Я-то думала, что она останется с Клэр: девочку ведь готовили к операции. Когда она позвонила мне сказать, что согласна принять сердце Шэя, я не стала задавать лишних вопросов. Боялась сглазить. Теперь же мне хотелось подойти к ней и спросить, как дела у Клэр, не выбились ли они из графика, – но офицеры могли заподозрить, что я пристаю к ней, а рисковать я не могла. К тому же, если честно, я боялась ее ответов.
Где-то за занавесом Кристиан проверял, правильно ли затянут узел, чтобы смерть была максимально безболезненной. Я знаю, что это должно было утешить меня, но, по правде говоря, мне никогда еще не было так одиноко.
Мне сложно было признаться самой себе, что я подружилась с человеком, обвиненным в убийстве. Юристы должны знать, что эмоциональная связь с клиентом недопустима; но это еще не означало, что подобные связи никогда не возникали.
Ровно в десять часов занавес раздвинулся.

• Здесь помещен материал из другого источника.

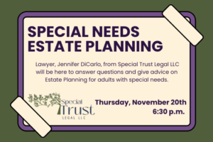 Thursday, November 20th at 6:30 p.m. Special Needs Estate Planning Lawyer, Jennifer DiCarlo, from Special Trust Legal LLC will be here to answer questions and give advice on Estate Planning for adults with special needs. Adult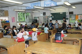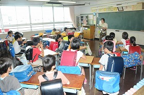 風水害を想定した避難訓練の一環といて、集団下校訓練をしています。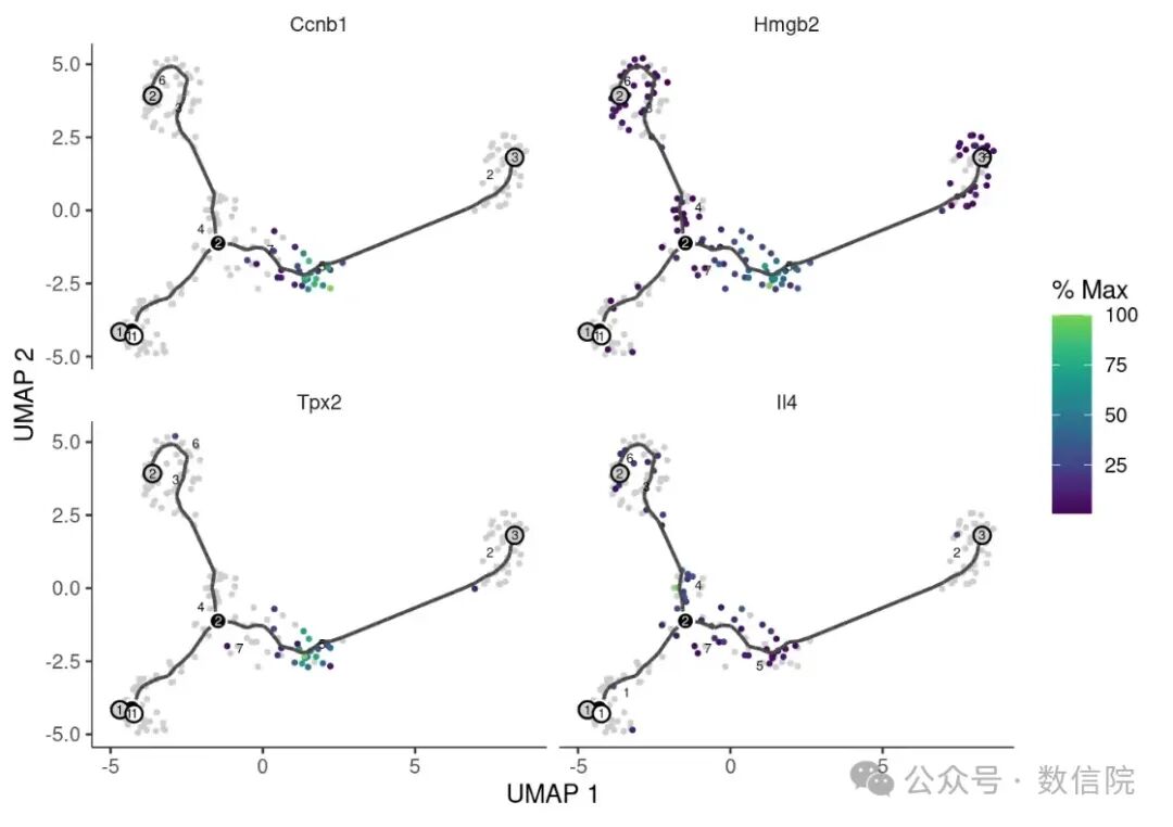 key_genes <- c("Ccnb1","Hmgb2","Tpx2","Il4")plot_cells(cds,genes = key_genes,cell_size = 0.8)

Шэй казался совсем маленьким на этой громадной платформе. В белой футболке, оранжевых штанах и мокасинах, он стоял между двумя офицерами, которых я прежде не видела. Руки у него были заведены за спину, ноги, кажется, связаны кожаным ремнем.

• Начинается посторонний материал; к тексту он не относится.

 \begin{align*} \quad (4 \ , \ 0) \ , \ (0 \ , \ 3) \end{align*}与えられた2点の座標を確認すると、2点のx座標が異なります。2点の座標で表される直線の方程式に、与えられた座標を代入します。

Он дрожал как осиновый лист.
На платформу поднялся председатель Линч.
– Казнь не была отсрочена, – провозгласил он.
Я представила, как Кристиан проверяет узел на шее Шэя. Я знала, как нежны его руки, и порадовалась, что последним прикосновением, которое познает Шэй, станет бархатная мягкость его кожи.
Когда Линч спустился, на платформу поднялся Койн. Он вслух зачитал решение суда, но я слушала его вполуха.
«…Несмотря на то что шестого марта 1997 года Исайя Мэттью Борн был надлежащим образом признан виновным в двух умышленных убийствах…
…данный суд вынес приговор Исайе Мэттью Борну, назначив дату исполнения приговора на пятницу, двадцать третье мая 2008 года, и время – десять часов утра…
…приказываю вам исполнить вышеуказанный приговор и казнить через повешение, ведущее к смерти мозга, вышеупомянутого Исайю Мэттью Борна…»
Дочитав, Койн обратился к Шэю:
– Осужденный Борн, вы хотите что-то сказать?
Шэй прищурился, выискивая меня в первом ряду. Смерив меня долгим взглядом, он перешел на отца Майкла. Затем вдруг глаза его метнулись на другую половину шатра, где сидели свидетели со стороны жертвы. Он улыбнулся Джун Нилон.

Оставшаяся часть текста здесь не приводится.